**MATERIAL PROVIDED:**
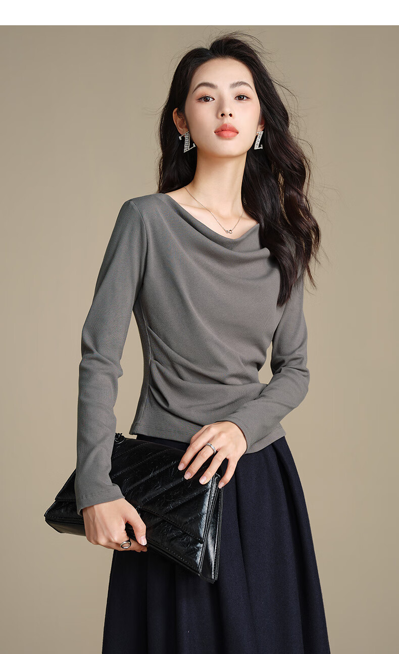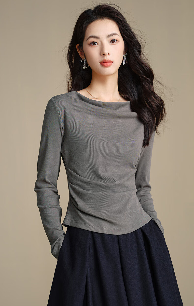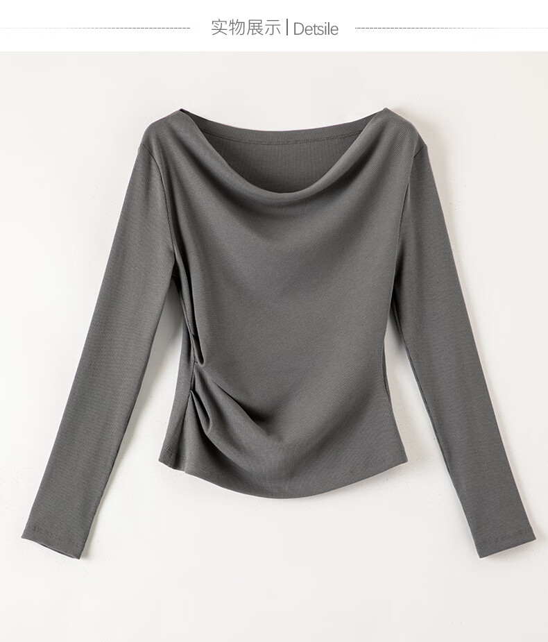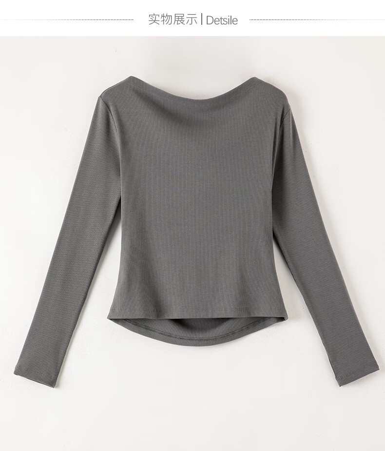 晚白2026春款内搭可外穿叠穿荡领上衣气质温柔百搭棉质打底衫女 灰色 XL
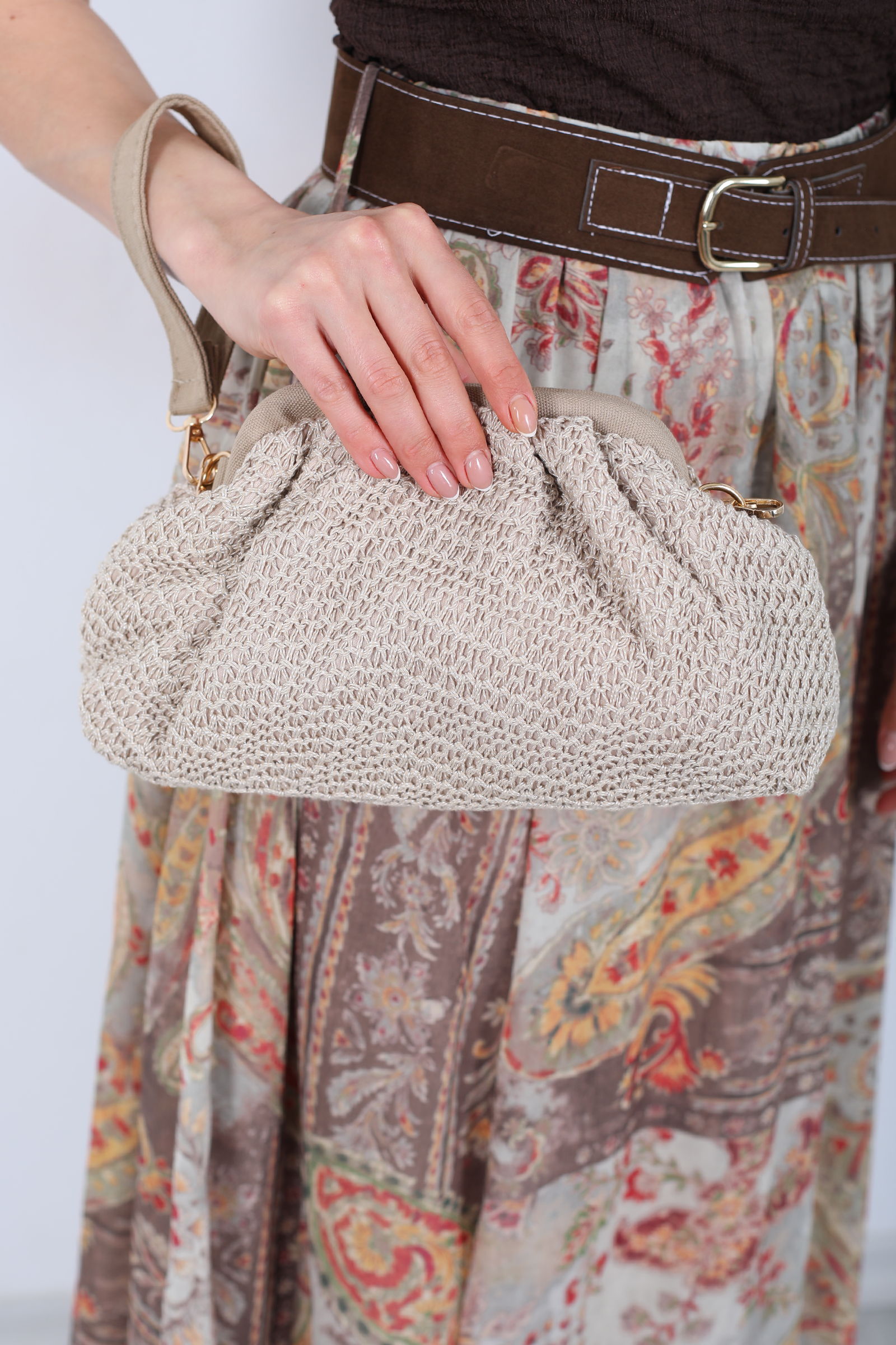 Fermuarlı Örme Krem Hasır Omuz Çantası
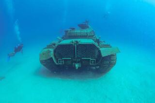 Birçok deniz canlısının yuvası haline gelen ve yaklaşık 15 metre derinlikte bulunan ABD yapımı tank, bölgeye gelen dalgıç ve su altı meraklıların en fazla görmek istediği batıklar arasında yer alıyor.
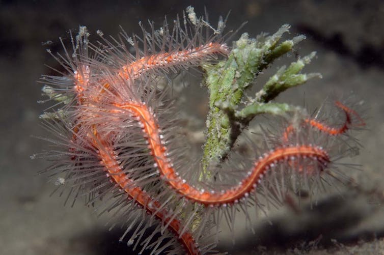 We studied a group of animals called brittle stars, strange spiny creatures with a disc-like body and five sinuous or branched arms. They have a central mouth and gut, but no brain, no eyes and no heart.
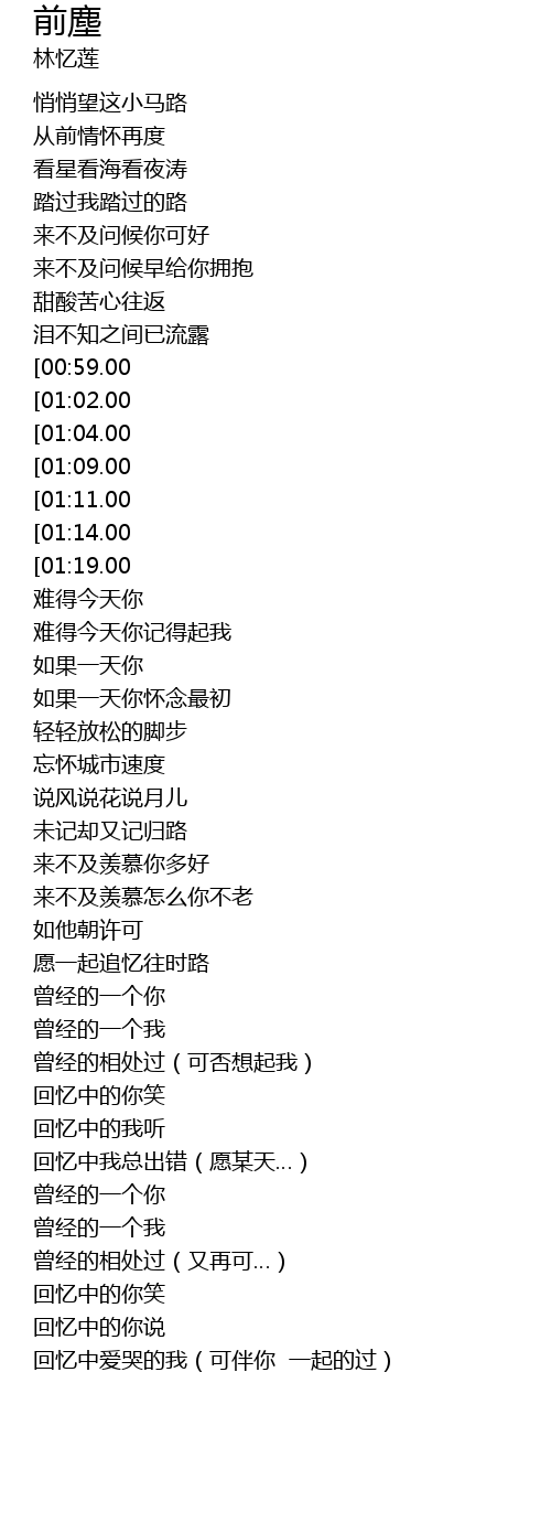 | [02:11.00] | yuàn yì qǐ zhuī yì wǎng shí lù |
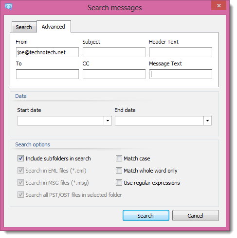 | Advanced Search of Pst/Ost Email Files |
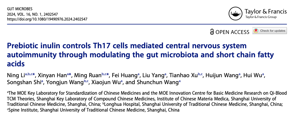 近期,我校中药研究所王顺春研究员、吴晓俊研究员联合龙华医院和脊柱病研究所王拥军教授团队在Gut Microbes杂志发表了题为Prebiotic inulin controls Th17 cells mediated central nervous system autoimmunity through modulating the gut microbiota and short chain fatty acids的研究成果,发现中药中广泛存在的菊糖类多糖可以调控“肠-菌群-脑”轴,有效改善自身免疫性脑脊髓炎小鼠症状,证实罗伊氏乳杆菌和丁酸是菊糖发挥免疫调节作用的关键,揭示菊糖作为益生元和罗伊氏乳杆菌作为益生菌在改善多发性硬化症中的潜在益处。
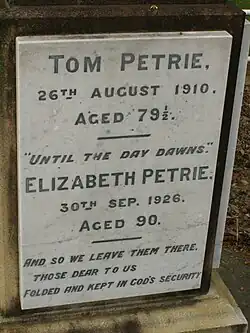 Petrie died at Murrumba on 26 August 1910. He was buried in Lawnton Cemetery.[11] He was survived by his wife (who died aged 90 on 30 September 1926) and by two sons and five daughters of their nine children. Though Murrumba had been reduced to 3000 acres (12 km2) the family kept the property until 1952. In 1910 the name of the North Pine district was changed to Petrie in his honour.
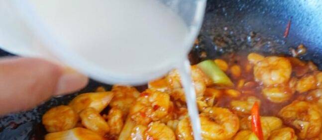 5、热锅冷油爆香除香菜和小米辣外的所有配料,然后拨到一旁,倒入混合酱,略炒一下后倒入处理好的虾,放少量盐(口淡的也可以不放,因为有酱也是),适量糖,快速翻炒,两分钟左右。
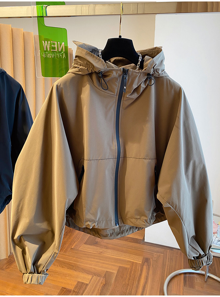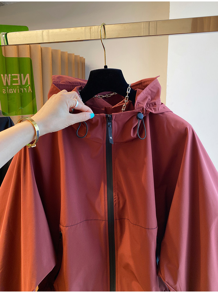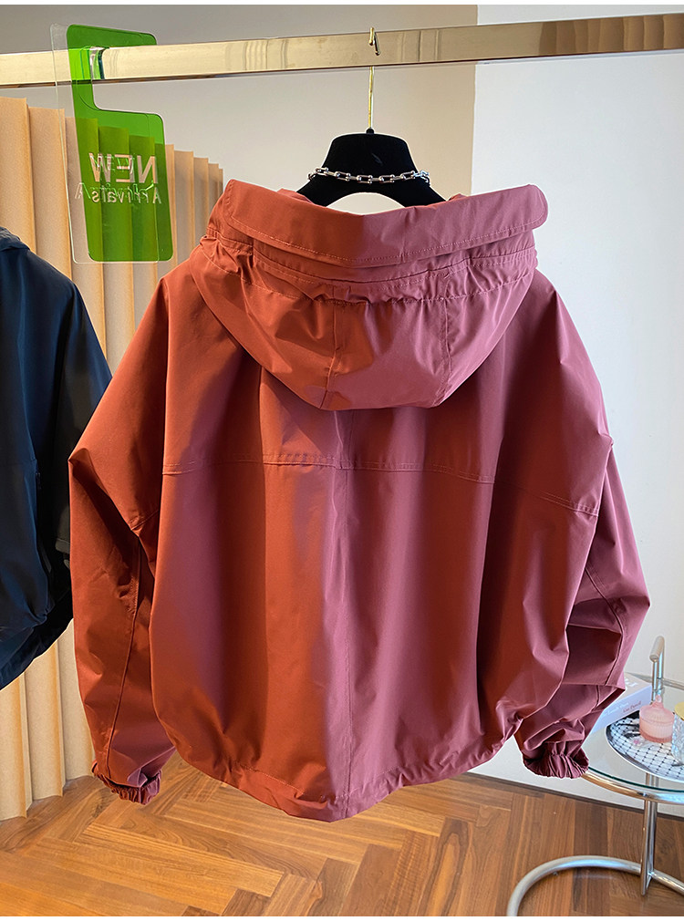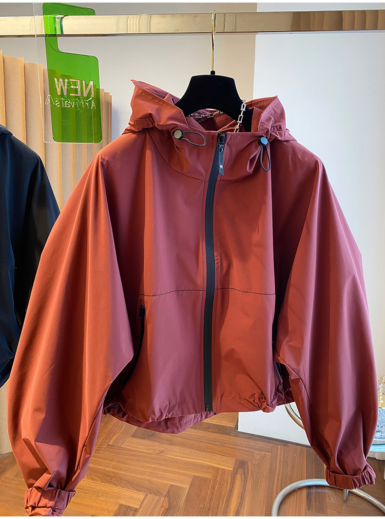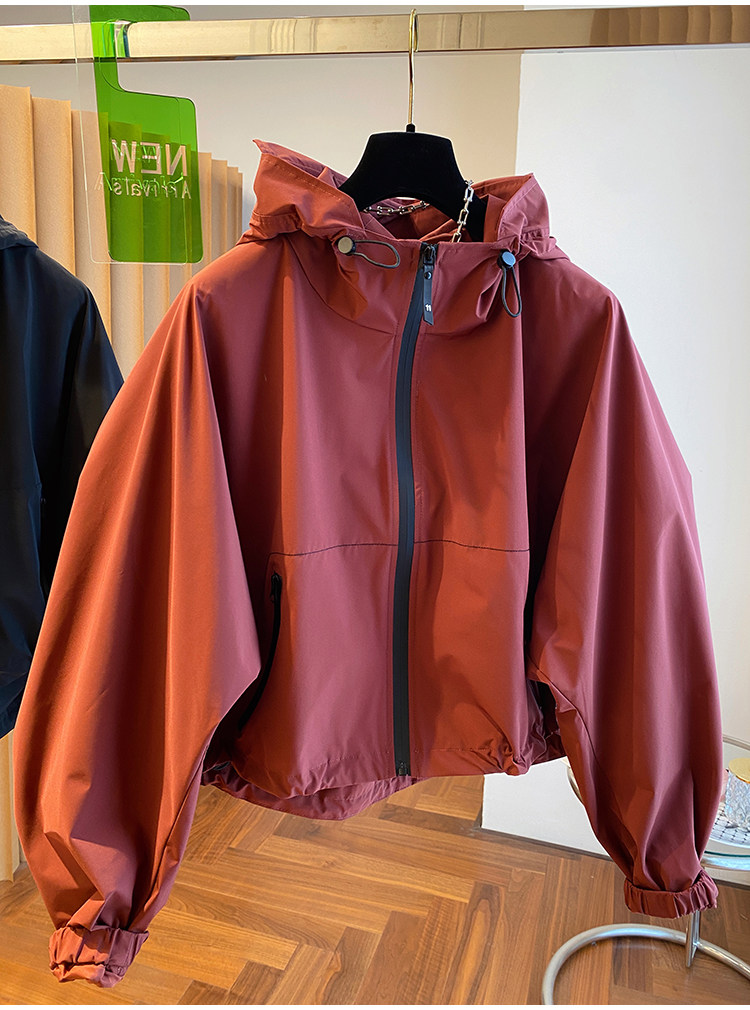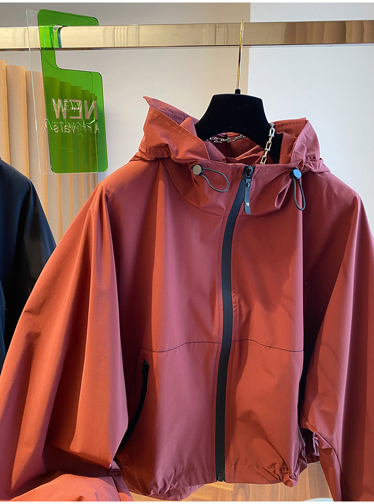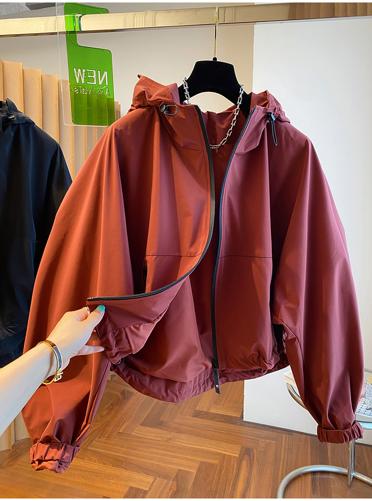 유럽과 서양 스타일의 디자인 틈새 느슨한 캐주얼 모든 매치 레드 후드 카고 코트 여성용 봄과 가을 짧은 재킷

**PROBLEM DETAILS:** Your copy should hold exactly the lines from the one that contains "Microbes杂志发表了题为Prebiotic inulin controls" through the final line of the data, both ends included, and no pictures.

**RESPONSE:**
 近期,我校中药研究所王顺春研究员、吴晓俊研究员联合龙华医院和脊柱病研究所王拥军教授团队在Gut Microbes杂志发表了题为Prebiotic inulin controls Th17 cells mediated central nervous system autoimmunity through modulating the gut microbiota and short chain fatty acids的研究成果,发现中药中广泛存在的菊糖类多糖可以调控“肠-菌群-脑”轴,有效改善自身免疫性脑脊髓炎小鼠症状,证实罗伊氏乳杆菌和丁酸是菊糖发挥免疫调节作用的关键,揭示菊糖作为益生元和罗伊氏乳杆菌作为益生菌在改善多发性硬化症中的潜在益处。
 Petrie died at Murrumba on 26 August 1910. He was buried in Lawnton Cemetery.[11] He was survived by his wife (who died aged 90 on 30 September 1926) and by two sons and five daughters of their nine children. Though Murrumba had been reduced to 3000 acres (12 km2) the family kept the property until 1952. In 1910 the name of the North Pine district was changed to Petrie in his honour.
 5、热锅冷油爆香除香菜和小米辣外的所有配料,然后拨到一旁,倒入混合酱,略炒一下后倒入处理好的虾,放少量盐(口淡的也可以不放,因为有酱也是),适量糖,快速翻炒,两分钟左右。
 유럽과 서양 스타일의 디자인 틈새 느슨한 캐주얼 모든 매치 레드 후드 카고 코트 여성용 봄과 가을 짧은 재킷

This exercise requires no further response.